Former Test cricketers Rahul Dravid and Sanjay Manjrekar feel it will be sad if the top Board of Control for Cricket in India officials lost their credibility in the public eye for allegedly bringing the game and its administration to disrepute.
The world's richest and most influential cricket body was last week slammed by the Bombay High Court for flouting its own constitution in its haste to reinstate N. Srinivasan as president. Srinivasan and his son-in-law Gurunath Meiyappan was given a clean chit by a two-member panel of former judges that probed allegations of spot-fixing in Indian Premier League matches involving the president's team, Chennai Super Kings.

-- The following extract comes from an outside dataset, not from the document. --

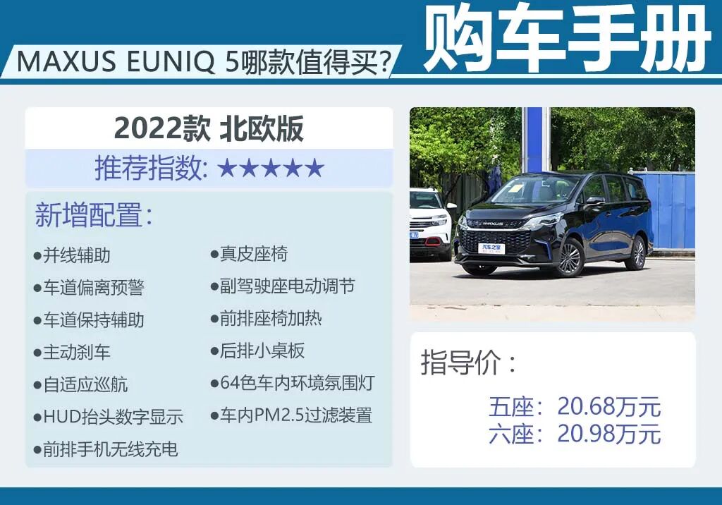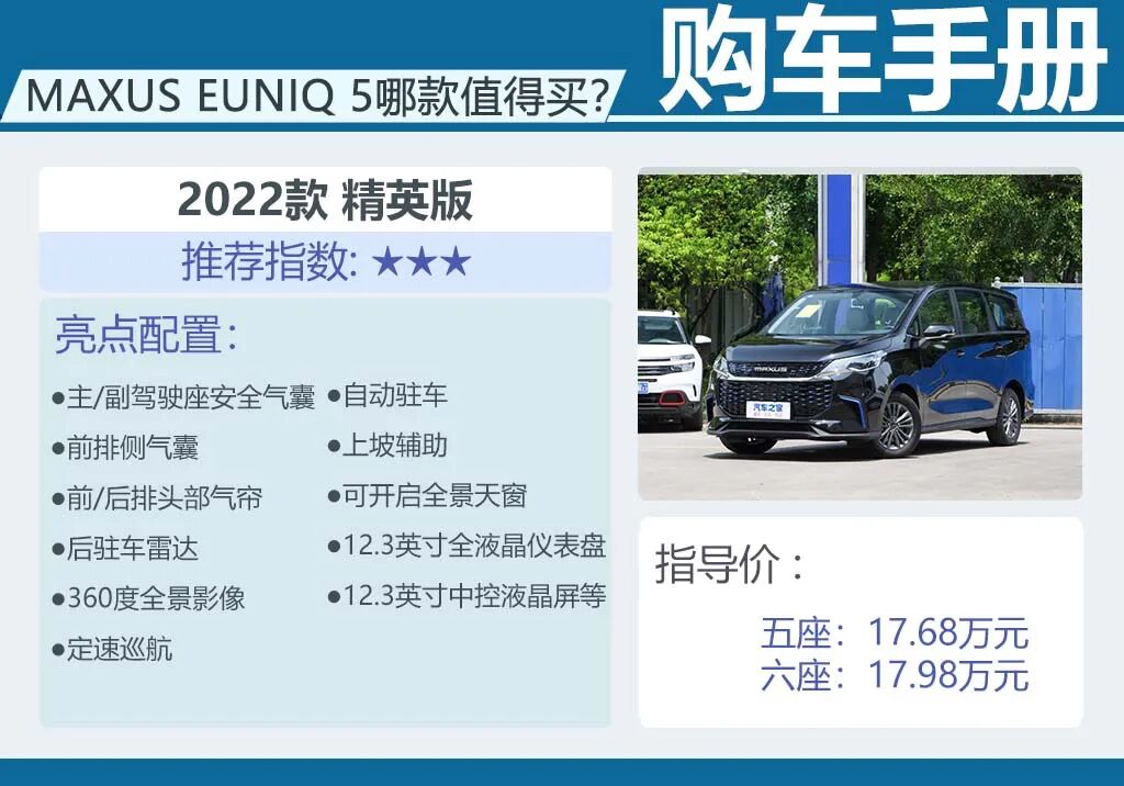 MPV已经是很多家庭购车时的首选,上汽大通MAXUS EUNIQ 5(以下简称EUNIQ 5)就是紧凑型MPV中一款强有力的产品。2022款车型于2021年10月正式上市,售价区间为17.68-20.98万元,新车提供五座和六座两种座椅布局选择。

In an exclusive interview to Cricinfo, Dravid was unhappy that the BCCI was going through a credibility crisis. The former Indian skipper said: "There are so many fans and so many people who care deeply about this game and it is because of these fans that we are who we are as cricketers. Administrators are there because of the fans and the cricketers to run this game, so credibility of a game, or a board, or even a government for that matter, is important irrespective of what you do. If you are in public life it is important."
Just weeks away from the Champions League, where Dravid will skipper Rajasthan Royals, the BCCI's image has taken a beating. Dravid said: "Things like this don't help, when we are on the front pages of the newspapers and not on the back. A certain amount of reverence, respect and love for cricketers can diminish, and I think it's a really, really sad thing for cricket in this country if that had to happen."
Last week, the court struck down the panel's report saying the BCCI broke its own rules because the Board's constitution mandated the presence of at least one member from the IPL Governing Council. The Bombay High Court, which acted on a PIL filed by the Cricket Association of Bihar, said the clean chit given to Srinivasan was "illegal and unconstitutional."
On August 2, the BCCI failed to reinstate Srinivasan as its president and gave interim chief Jagmohan Dalmiya an extended run till the High Court order was vacated. BCCI sources said Srinivasan, for the first time, faced opposition as at least two vice-presidents felt either a new panel should be formed or the Board should appeal to a higher court.
On Monday, the BCCI moved the Supreme Court challenging the Bombay High Court order that said: "The (probe) Commission was not duly constituted and was contrary to and in violation of the provisions of Rules 2.2 and 3 of Section 6 of the Operational Rules (of BCCI)."
Former Test batsman Sanjay Manjrekar echoed Dravid's feelings, but feels public memory is short and the BCCI mandarins will escape censure. "India is a very strange country when it comes to cricket and the fans follow Indian cricket unconditionally. So somewhere I think the administrators know that despite all this, the people will still follow this game passionately," said Manjrekar.
He added: "There will still be those kind of numbers that make India such a powerhouse in world cricket, so that is where I think all of us are slightly fortunate: that despite making all kinds of mistakes which take their toll on the credibility of Indian cricket, the fans don't seem to respond as much."